• What is required: Begin with the line below holding "(毎年) ※フィルターは1本¥3,150円(税込) ![]() ![]() |" and go on through the line holding "Taking references from", duplicating each line exactly and leaving out pictures.

• Records to process:
+--
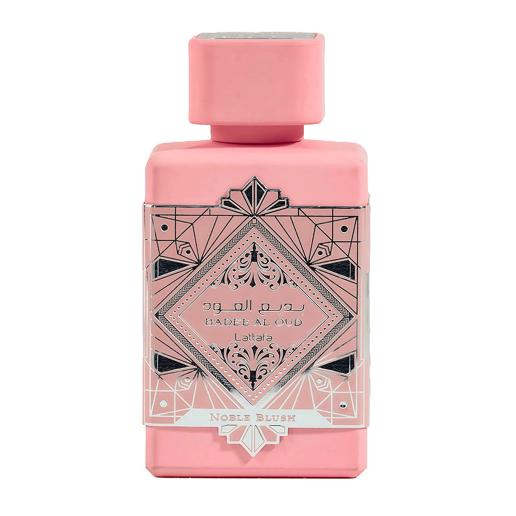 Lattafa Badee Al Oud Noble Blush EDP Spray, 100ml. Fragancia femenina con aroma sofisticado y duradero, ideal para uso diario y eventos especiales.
+--
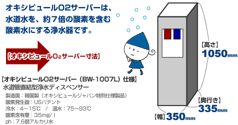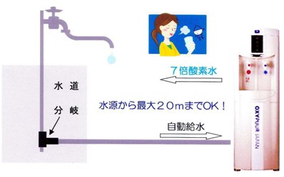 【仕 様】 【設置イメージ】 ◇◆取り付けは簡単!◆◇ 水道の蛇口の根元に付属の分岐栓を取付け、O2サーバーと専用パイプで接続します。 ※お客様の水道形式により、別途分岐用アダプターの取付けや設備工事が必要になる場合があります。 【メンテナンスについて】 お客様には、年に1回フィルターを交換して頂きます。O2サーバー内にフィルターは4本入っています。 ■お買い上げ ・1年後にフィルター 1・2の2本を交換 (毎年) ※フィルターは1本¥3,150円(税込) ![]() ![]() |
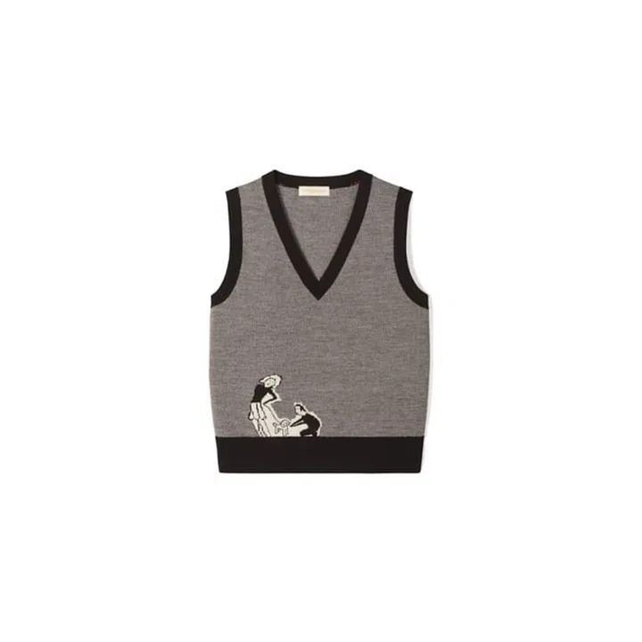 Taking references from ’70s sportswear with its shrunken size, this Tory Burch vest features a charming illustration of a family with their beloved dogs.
+--
• Exercise answer:
 【仕 様】 【設置イメージ】 ◇◆取り付けは簡単!◆◇ 水道の蛇口の根元に付属の分岐栓を取付け、O2サーバーと専用パイプで接続します。 ※お客様の水道形式により、別途分岐用アダプターの取付けや設備工事が必要になる場合があります。 【メンテナンスについて】 お客様には、年に1回フィルターを交換して頂きます。O2サーバー内にフィルターは4本入っています。 ■お買い上げ ・1年後にフィルター 1・2の2本を交換 (毎年) ※フィルターは1本¥3,150円(税込) ![]() ![]() |
 Taking references from ’70s sportswear with its shrunken size, this Tory Burch vest features a charming illustration of a family with their beloved dogs.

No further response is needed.